"Mustang" vous saisit d'un bout à l'autre. Une histoire qui se passe aux portes de l'Europe. C'est le début de l'été... Cinq sœurs vivent dans la légèreté inhérente à l'enfance et à l'adolescence. Mais un jeu d'eau innocent avec des garçons créera le scandale... Ces jeunes femmes prendront la décision de se battre, de s'imposer face à un père, un chef de famille qui prend son rôle trop au sérieux. Une honte, un besoin quasi carcérale de contrôler son petit monde, l'homme dérape. Un jour, tout le temps.

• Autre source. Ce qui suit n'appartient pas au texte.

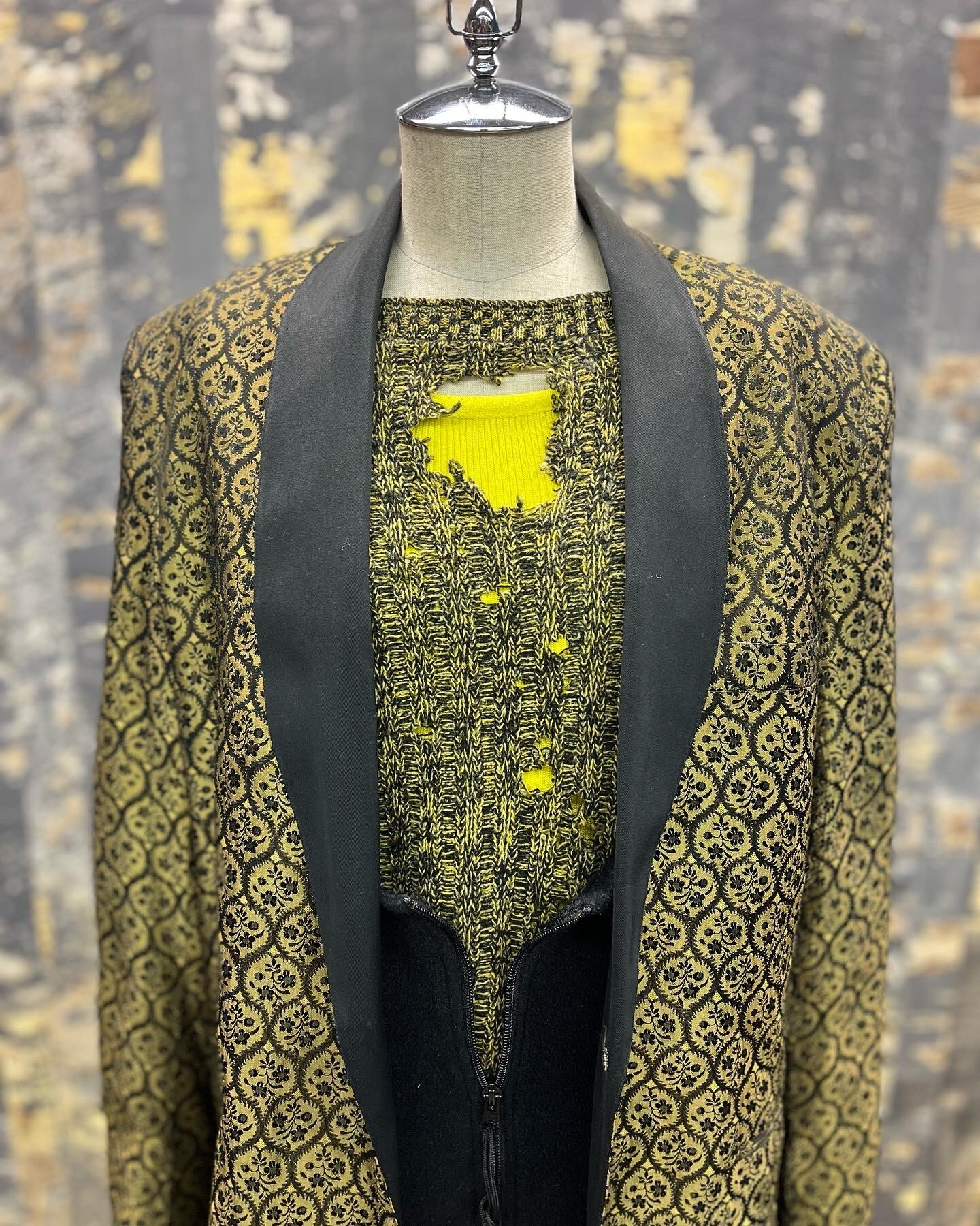 こちらはナイロンとゆうか、サテンとゆうかのいわゆるタキシード素材には良い違和感あるやつですよね。シャリ感あるテーラードなんてむっちゃかっこいいです。

Deniz Gamze Ergüven, ancienne de la Fémis, convoque la réflexion sans agressivité ni ton professoral ou politique mais avec une grande maîtrise loin, très loin de la petite savante agaçante. Son premier long est un tour de force tant au niveau du scénario que de la mise en scène ou de la lumière. Un bout de la Turquie au bord de la mer Noire posté à 1000 km d'Istanbul, vue à travers le prisme de la beauté enfantine,... et du déni de la féminité.
La forme et le fond se confondent pour le meilleur. Vissé dans son fauteuil, on est kidnappé pour finir ému. Pour ces jeune filles, il n'y a aucun choix cornéliens. Tout est clair : il s'agit de se battre pour leur liberté. Elles ne courent pas après l'illusion du bonheur, elle l'enfourche.
Un film atteint par son sujet. C'est parfois drôle, parfois émouvant, toujours poignant. La caméra est posée sur des femmes coincées en leur intimité et leur besoin d'Etre. Etre une femme en Turquie. La réalisatrice a vécu certaines scènes et a voulu nous raconter une réalité sans militantisme.
"Mustang" veut dire "petit cheval fougueux". Une fougue qui traverse pour nous laisser à genoux. Le plus beau film de cette année.
Mustang, sélectionné à la Quinzaine des réalisateurs à Cannes 2015, sortie le 17 juin. La bande son est signée Warren Ellis.